**RECORDS TO PROCESS**:

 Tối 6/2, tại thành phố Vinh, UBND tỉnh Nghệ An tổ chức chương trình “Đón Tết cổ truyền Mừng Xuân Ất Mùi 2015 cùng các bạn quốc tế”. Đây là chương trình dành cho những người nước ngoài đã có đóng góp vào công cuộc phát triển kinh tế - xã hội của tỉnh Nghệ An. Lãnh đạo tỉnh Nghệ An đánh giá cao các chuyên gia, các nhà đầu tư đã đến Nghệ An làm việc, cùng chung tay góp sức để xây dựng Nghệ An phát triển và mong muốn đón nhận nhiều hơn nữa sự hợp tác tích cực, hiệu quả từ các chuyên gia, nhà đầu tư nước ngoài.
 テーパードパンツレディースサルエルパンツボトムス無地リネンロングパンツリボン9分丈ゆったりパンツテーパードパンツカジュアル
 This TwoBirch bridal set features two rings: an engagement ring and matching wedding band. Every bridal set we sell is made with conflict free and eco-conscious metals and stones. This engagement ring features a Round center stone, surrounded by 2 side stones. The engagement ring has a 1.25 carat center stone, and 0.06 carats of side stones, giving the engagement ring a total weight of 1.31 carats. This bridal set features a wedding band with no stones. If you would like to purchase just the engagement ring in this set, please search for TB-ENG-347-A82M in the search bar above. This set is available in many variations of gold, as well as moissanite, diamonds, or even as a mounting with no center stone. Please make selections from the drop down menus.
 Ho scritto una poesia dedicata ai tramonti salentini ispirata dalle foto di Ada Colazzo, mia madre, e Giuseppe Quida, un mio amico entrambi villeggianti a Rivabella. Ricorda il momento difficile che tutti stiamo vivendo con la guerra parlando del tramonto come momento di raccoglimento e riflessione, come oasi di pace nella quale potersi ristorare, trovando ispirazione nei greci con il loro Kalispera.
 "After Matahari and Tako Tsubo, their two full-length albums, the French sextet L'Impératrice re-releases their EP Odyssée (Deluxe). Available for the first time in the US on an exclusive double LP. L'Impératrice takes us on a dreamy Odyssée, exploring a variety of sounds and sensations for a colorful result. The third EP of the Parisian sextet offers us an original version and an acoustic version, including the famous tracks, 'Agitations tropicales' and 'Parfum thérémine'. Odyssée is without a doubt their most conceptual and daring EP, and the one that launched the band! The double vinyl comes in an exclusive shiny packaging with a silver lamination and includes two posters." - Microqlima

* * *

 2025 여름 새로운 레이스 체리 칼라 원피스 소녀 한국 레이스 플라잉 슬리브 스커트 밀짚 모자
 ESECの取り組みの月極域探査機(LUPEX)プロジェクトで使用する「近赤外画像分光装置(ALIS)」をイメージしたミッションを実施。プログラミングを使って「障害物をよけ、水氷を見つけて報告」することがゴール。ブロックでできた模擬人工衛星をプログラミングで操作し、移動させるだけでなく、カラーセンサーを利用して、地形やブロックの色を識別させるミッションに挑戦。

**AIM OF THE TASK**: Filter on the word "with": copy each matching line from the entries above.

**SOLUTION TO THIS PROBLEM**:
 This TwoBirch bridal set features two rings: an engagement ring and matching wedding band. Every bridal set we sell is made with conflict free and eco-conscious metals and stones. This engagement ring features a Round center stone, surrounded by 2 side stones. The engagement ring has a 1.25 carat center stone, and 0.06 carats of side stones, giving the engagement ring a total weight of 1.31 carats. This bridal set features a wedding band with no stones. If you would like to purchase just the engagement ring in this set, please search for TB-ENG-347-A82M in the search bar above. This set is available in many variations of gold, as well as moissanite, diamonds, or even as a mounting with no center stone. Please make selections from the drop down menus.
 "After Matahari and Tako Tsubo, their two full-length albums, the French sextet L'Impératrice re-releases their EP Odyssée (Deluxe). Available for the first time in the US on an exclusive double LP. L'Impératrice takes us on a dreamy Odyssée, exploring a variety of sounds and sensations for a colorful result. The third EP of the Parisian sextet offers us an original version and an acoustic version, including the famous tracks, 'Agitations tropicales' and 'Parfum thérémine'. Odyssée is without a doubt their most conceptual and daring EP, and the one that launched the band! The double vinyl comes in an exclusive shiny packaging with a silver lamination and includes two posters." - Microqlima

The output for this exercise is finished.